## WORK TASK
The data below holds a line containing "嘉義市於109年10月1日至" and a line containing "Tableau Blanc Magnétique"; please quote exactly those two lines and every line between them, and nothing else.

## DATA PROVIDED
##############################

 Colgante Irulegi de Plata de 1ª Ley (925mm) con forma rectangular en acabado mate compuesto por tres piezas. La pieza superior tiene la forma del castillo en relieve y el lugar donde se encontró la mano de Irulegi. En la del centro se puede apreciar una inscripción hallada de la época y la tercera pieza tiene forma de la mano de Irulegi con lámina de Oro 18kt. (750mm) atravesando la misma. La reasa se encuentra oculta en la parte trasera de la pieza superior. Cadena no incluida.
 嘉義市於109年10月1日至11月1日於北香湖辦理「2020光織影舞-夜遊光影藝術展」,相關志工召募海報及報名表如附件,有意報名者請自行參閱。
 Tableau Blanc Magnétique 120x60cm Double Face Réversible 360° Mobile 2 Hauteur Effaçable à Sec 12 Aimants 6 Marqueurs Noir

##############################

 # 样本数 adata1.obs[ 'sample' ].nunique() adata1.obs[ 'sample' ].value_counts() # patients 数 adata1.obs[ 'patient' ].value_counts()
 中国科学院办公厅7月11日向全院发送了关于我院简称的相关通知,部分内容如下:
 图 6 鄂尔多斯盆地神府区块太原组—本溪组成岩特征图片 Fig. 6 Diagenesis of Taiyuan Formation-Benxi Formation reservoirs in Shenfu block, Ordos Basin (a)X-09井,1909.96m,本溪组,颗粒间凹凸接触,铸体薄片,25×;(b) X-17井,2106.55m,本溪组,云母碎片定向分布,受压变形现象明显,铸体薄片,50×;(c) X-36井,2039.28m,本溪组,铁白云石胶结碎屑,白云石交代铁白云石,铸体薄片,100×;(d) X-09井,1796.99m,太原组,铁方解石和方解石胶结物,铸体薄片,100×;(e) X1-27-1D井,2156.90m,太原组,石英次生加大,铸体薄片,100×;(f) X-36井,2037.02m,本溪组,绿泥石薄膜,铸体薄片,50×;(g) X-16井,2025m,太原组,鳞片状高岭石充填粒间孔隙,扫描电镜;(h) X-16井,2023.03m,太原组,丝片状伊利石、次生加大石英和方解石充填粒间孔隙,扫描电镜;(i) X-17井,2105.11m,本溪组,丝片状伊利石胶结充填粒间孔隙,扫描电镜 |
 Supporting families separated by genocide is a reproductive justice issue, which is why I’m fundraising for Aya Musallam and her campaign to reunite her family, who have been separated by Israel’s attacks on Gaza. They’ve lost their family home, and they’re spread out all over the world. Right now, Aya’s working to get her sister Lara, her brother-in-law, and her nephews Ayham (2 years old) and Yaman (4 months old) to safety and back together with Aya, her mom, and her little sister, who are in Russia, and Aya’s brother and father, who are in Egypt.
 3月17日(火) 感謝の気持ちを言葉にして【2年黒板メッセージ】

##############################

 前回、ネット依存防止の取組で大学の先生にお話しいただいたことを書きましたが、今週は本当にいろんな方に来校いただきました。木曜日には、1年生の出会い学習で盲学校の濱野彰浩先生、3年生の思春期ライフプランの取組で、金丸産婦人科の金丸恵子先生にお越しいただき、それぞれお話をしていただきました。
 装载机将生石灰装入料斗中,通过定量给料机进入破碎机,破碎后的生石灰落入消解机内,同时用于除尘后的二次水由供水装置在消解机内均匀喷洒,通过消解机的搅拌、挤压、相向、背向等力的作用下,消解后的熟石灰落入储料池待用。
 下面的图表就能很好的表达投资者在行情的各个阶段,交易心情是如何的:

##############################

## SOLUTION BELOW
 嘉義市於109年10月1日至11月1日於北香湖辦理「2020光織影舞-夜遊光影藝術展」,相關志工召募海報及報名表如附件,有意報名者請自行參閱。
 Tableau Blanc Magnétique 120x60cm Double Face Réversible 360° Mobile 2 Hauteur Effaçable à Sec 12 Aimants 6 Marqueurs Noir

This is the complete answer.